═════ Entries supplied ═════

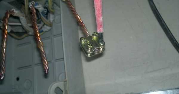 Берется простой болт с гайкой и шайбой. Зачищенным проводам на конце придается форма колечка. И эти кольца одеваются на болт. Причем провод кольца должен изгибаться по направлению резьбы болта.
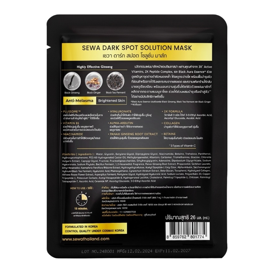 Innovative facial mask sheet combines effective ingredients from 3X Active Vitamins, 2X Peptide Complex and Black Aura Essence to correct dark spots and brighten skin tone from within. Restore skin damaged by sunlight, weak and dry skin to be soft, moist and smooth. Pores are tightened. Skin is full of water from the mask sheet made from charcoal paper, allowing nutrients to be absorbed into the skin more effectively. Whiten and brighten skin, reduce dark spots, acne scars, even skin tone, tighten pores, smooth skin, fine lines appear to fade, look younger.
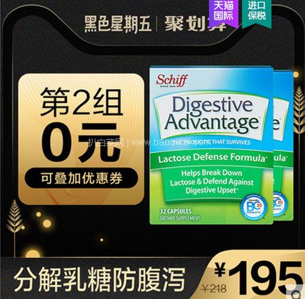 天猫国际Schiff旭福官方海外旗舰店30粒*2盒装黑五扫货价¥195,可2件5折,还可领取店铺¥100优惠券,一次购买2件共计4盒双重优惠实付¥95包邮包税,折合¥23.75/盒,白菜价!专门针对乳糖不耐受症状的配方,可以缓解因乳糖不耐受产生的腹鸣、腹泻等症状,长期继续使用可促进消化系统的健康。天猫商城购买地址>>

═════
═════ Entries supplied ═════

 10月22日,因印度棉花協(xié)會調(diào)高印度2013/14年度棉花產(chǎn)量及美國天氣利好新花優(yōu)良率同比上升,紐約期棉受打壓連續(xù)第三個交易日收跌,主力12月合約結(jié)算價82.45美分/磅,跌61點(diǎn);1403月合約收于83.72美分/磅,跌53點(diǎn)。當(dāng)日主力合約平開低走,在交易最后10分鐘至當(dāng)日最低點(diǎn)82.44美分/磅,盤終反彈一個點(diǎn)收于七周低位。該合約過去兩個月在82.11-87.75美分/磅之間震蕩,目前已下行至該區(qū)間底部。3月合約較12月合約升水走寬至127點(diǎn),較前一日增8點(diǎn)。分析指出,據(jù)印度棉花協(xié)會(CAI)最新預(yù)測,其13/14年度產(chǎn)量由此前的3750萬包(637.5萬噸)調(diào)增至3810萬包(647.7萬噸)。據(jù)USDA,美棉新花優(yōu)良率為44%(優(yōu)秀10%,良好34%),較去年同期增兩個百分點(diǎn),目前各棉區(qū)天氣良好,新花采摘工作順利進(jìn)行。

═════

**Aim of the task:**
Nothing but the lines above from the line with "Берется простой болт" up to and including the line with "天猫国际Schiff旭福官方" should be returned, exactly as written and without pictures.

**Task result:**
 Берется простой болт с гайкой и шайбой. Зачищенным проводам на конце придается форма колечка. И эти кольца одеваются на болт. Причем провод кольца должен изгибаться по направлению резьбы болта.
 Innovative facial mask sheet combines effective ingredients from 3X Active Vitamins, 2X Peptide Complex and Black Aura Essence to correct dark spots and brighten skin tone from within. Restore skin damaged by sunlight, weak and dry skin to be soft, moist and smooth. Pores are tightened. Skin is full of water from the mask sheet made from charcoal paper, allowing nutrients to be absorbed into the skin more effectively. Whiten and brighten skin, reduce dark spots, acne scars, even skin tone, tighten pores, smooth skin, fine lines appear to fade, look younger.
 天猫国际Schiff旭福官方海外旗舰店30粒*2盒装黑五扫货价¥195,可2件5折,还可领取店铺¥100优惠券,一次购买2件共计4盒双重优惠实付¥95包邮包税,折合¥23.75/盒,白菜价!专门针对乳糖不耐受症状的配方,可以缓解因乳糖不耐受产生的腹鸣、腹泻等症状,长期继续使用可促进消化系统的健康。天猫商城购买地址>>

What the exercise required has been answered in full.